Task instructions
Please go line by line and repeat the data below exactly, with no images.

Provided data

Start of Block

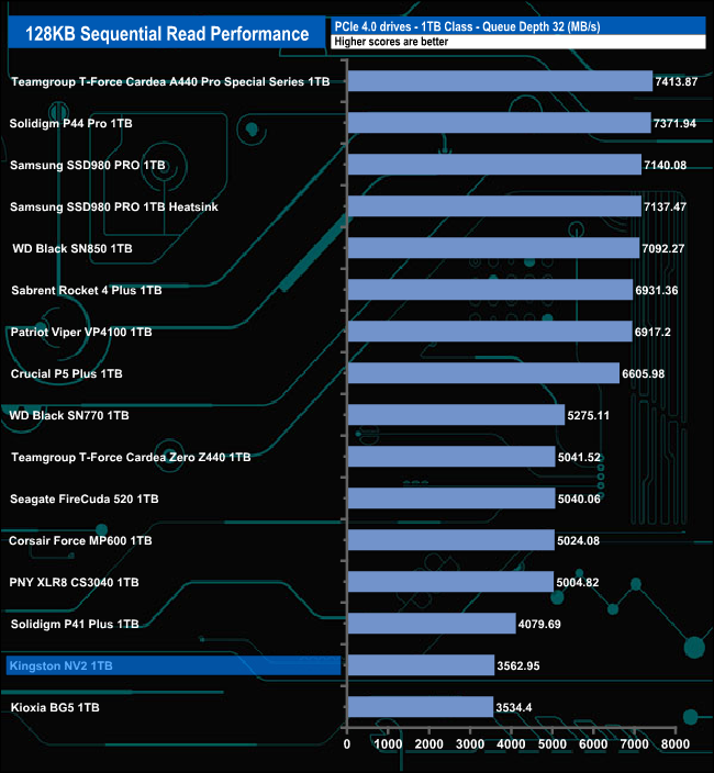 The NV2's best performance in the queue depth tests came at QD2 where its result of 2,766MB/s puts it in the top half of the 1TB class consumer drives we've tested to date. As the QD deepens the drive slips down the chart.
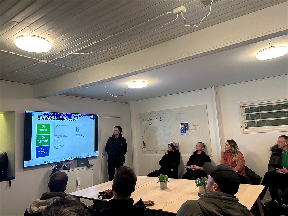 Säsongen startar ordentligt vecka 14 och då kommer vi att träna tre gånger fram tills dess under försäsongen är det två gånger.
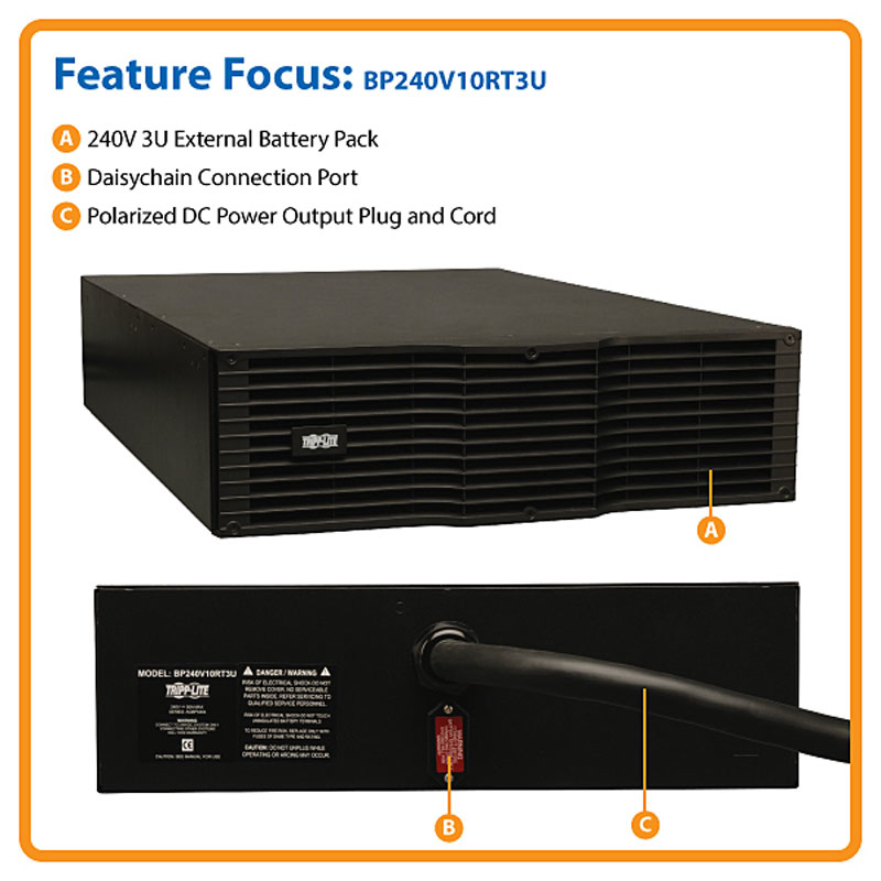 BP240V10RT3U rack/tower external battery pack offers extended battery runtime when used in conjunction with expandable 240V rack-mount and tower UPS systems. Includes heavy-gauge cabling with high-current DC connector for safe, simple installation. Included daisy-chain connector enables the connection of additional compatible 240V external battery packs to the host UPS. Included mounting accessories support 3U rack-mount installation in 4-post racks. Options for 2-post center-mounting and upright tower installation available.

End of Block

Task solution
 The NV2's best performance in the queue depth tests came at QD2 where its result of 2,766MB/s puts it in the top half of the 1TB class consumer drives we've tested to date. As the QD deepens the drive slips down the chart.
 Säsongen startar ordentligt vecka 14 och då kommer vi att träna tre gånger fram tills dess under försäsongen är det två gånger.
 BP240V10RT3U rack/tower external battery pack offers extended battery runtime when used in conjunction with expandable 240V rack-mount and tower UPS systems. Includes heavy-gauge cabling with high-current DC connector for safe, simple installation. Included daisy-chain connector enables the connection of additional compatible 240V external battery packs to the host UPS. Included mounting accessories support 3U rack-mount installation in 4-post racks. Options for 2-post center-mounting and upright tower installation available.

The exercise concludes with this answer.